# 15 or 16 gauge finish nailer?



## Jaxx (Dec 24, 2007)

I just got my first compressor and 18 gauge brad nailer. I plan to follow up with another porter cable finish nailer. Is there any significant difference between the 15 and 16 gauge nailers except for the angled and straight magazines?


----------



## TexasTimbers (Oct 17, 2006)

I had a 15ga angled Duo Fast double sequential that I liked. It was in the Great Robbery and so I need another one. They are a must.

I didn't use it for stain grade finish work because the holes are too big for stain grade. Some WWers don't mind stained putty over 15ga holes but I think it looks like a dog's butt. I used it for carcass construction and hanging cabinetry, interior door hanging, and some paint grade trim etc.

The 16ga is also too big for most stain grade apps IMO but alot of finish carpenters use it anyway. 

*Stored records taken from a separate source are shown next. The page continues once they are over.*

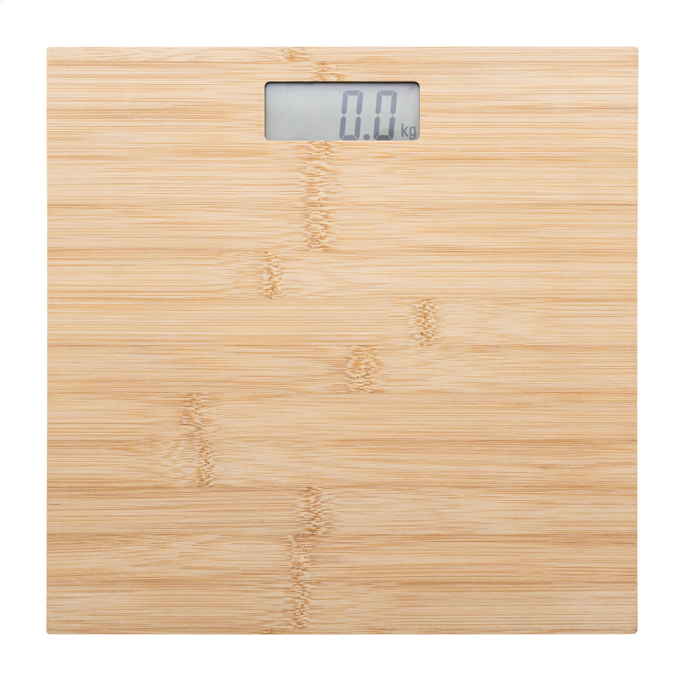 Digital bathroom scale with bamboo weighing platform. Capacity: 150 kg, graduation 0,1 kg, measurement units: kg/lb/st. With built-in rechargeable battery. Including USB charger cable.
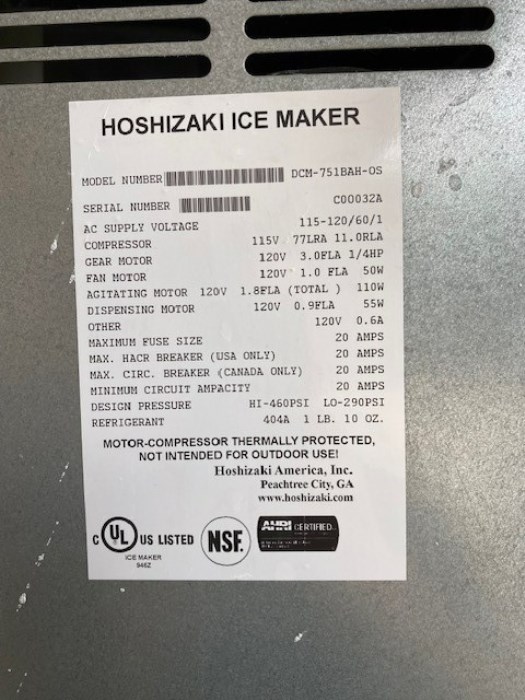(1) Hoshizaki DCM-751BAH-OS Ice Machine (Cart Not Included) (Item VERY HEAVY buyer will need to provide own equipment when picking up)
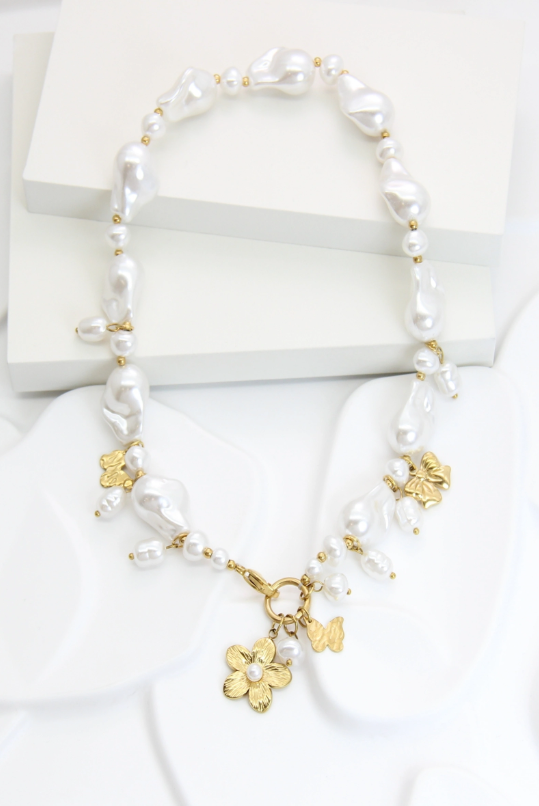 Ce collier élégant marie la douceur des perles blanches irrégulières à l’éclat des charms dorés.

Since you have an 18ga, I would go with an angled 15ga. An 18 and a 15 will cover alot more applications than a 18 and a 16. 

Of course at some point you'll see that you need a 23 ga pin nailer, 21, 19, 18, 16ga brad nailers, the 15 you are getting, and a few assorted staplers as well. Oh and did I mention a palm nailer? They are essential when you need one.


----------



## rob.hough (Jul 27, 2007)

It's funny how buying one tool leads to many....


----------



## Jaxx (Dec 24, 2007)

I believe in the 80-20 rule. Buy the 20 that will do 80% of the jobs and then spend the rest of your life buying the rest! Thanks for the insite. Now whats next, the pin nailer or the stapler...


----------